[[ THE DATA open ]]

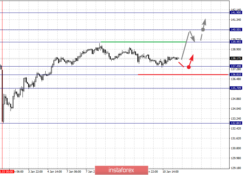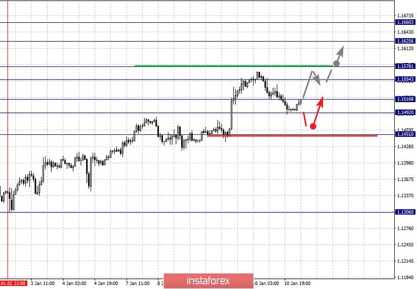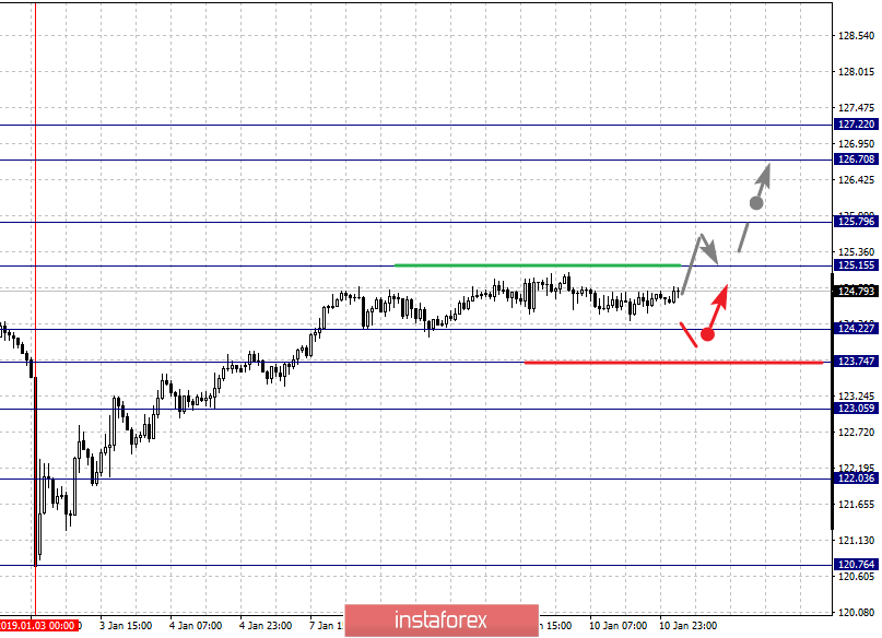 По паре Евро/Доллар цена находится в корректировочной зоне от восходящей структуры от 2 января, уровень 1.1451 ключевая поддержка. По паре Фунт/Доллар продолжения развития восходящей структуры от 2 января ожидаем после пробоя 1.2813. По паре Доллар/Франк цена формирует выраженный потенциал для верха от 10 января. По паре Доллар/Иена цена находится в области нисходящей структуры от 8 января, продолжения движения книзу ожидаем после пробоя 107.96. По паре Евро/Иена продолжения движения кверху ожидаем после пробоя 125.15. По паре Фунт/Иена также продолжаем следить за развитием восходящей структуры от 3 января, уровень 139.50 является ключевым сопротивлением.
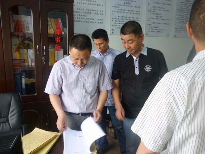2012年6月6日,乐清市政法委黄副书记和体育局刘副局长在翁垟街道党委副书记陈祥浩的陪同下,到霍邱县驻乐清市党支部视察工作。黄副书记首先参观了陈孝明调解工作室,后又调阅了党支部2012年上半年以来已调解好的案件,并且对我们党支部的工作给予了很高的评价,及提出了很宝贵的建议。黄副书记还特别指出,乐清市委.翁垟街道办事处会根据党支部的实际困难,给予相应的帮助。随后,黄副书记又参观了党支部会议室。对党支部会议室非常满意,认为我们会议室的规划和布置也非常规范。
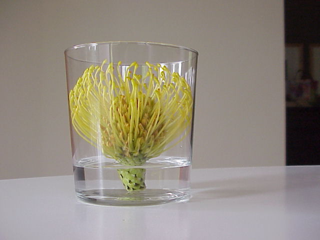 continued. Well, another day of bargains in the Kroger floral department. Glorious yellow pincushion protea ( which I think were already a good value at their regular price of $4) marked down to $.99 each. Wha ???? Plus the added bonus of some bear greass with each. So, here we go… simply drop them both in a taller cylindrical vase ( pottery/ glass/Pringles can) or lop off their heads and place them in the bottom of a simple on-the-rocks glass ( to be used anywhere you might have 4 square inches that needs a chic little lift, singly or in multiples…..end table, night stand, powder room, on top of a stack of books on the coffee table, your desk). It’s no simplequietmodern secret that you can live so well on so little.

[[ THE DATA closed ]]

● **WORK REQUEST**
The data needs to be reproduced exactly, please, apart from its pictures.

● **RESPONSE TO THE EXERCISE**
 По паре Евро/Доллар цена находится в корректировочной зоне от восходящей структуры от 2 января, уровень 1.1451 ключевая поддержка. По паре Фунт/Доллар продолжения развития восходящей структуры от 2 января ожидаем после пробоя 1.2813. По паре Доллар/Франк цена формирует выраженный потенциал для верха от 10 января. По паре Доллар/Иена цена находится в области нисходящей структуры от 8 января, продолжения движения книзу ожидаем после пробоя 107.96. По паре Евро/Иена продолжения движения кверху ожидаем после пробоя 125.15. По паре Фунт/Иена также продолжаем следить за развитием восходящей структуры от 3 января, уровень 139.50 является ключевым сопротивлением.
2012年6月6日,乐清市政法委黄副书记和体育局刘副局长在翁垟街道党委副书记陈祥浩的陪同下,到霍邱县驻乐清市党支部视察工作。黄副书记首先参观了陈孝明调解工作室,后又调阅了党支部2012年上半年以来已调解好的案件,并且对我们党支部的工作给予了很高的评价,及提出了很宝贵的建议。黄副书记还特别指出,乐清市委.翁垟街道办事处会根据党支部的实际困难,给予相应的帮助。随后,黄副书记又参观了党支部会议室。对党支部会议室非常满意,认为我们会议室的规划和布置也非常规范。
 continued. Well, another day of bargains in the Kroger floral department. Glorious yellow pincushion protea ( which I think were already a good value at their regular price of $4) marked down to $.99 each. Wha ???? Plus the added bonus of some bear greass with each. So, here we go… simply drop them both in a taller cylindrical vase ( pottery/ glass/Pringles can) or lop off their heads and place them in the bottom of a simple on-the-rocks glass ( to be used anywhere you might have 4 square inches that needs a chic little lift, singly or in multiples…..end table, night stand, powder room, on top of a stack of books on the coffee table, your desk). It’s no simplequietmodern secret that you can live so well on so little.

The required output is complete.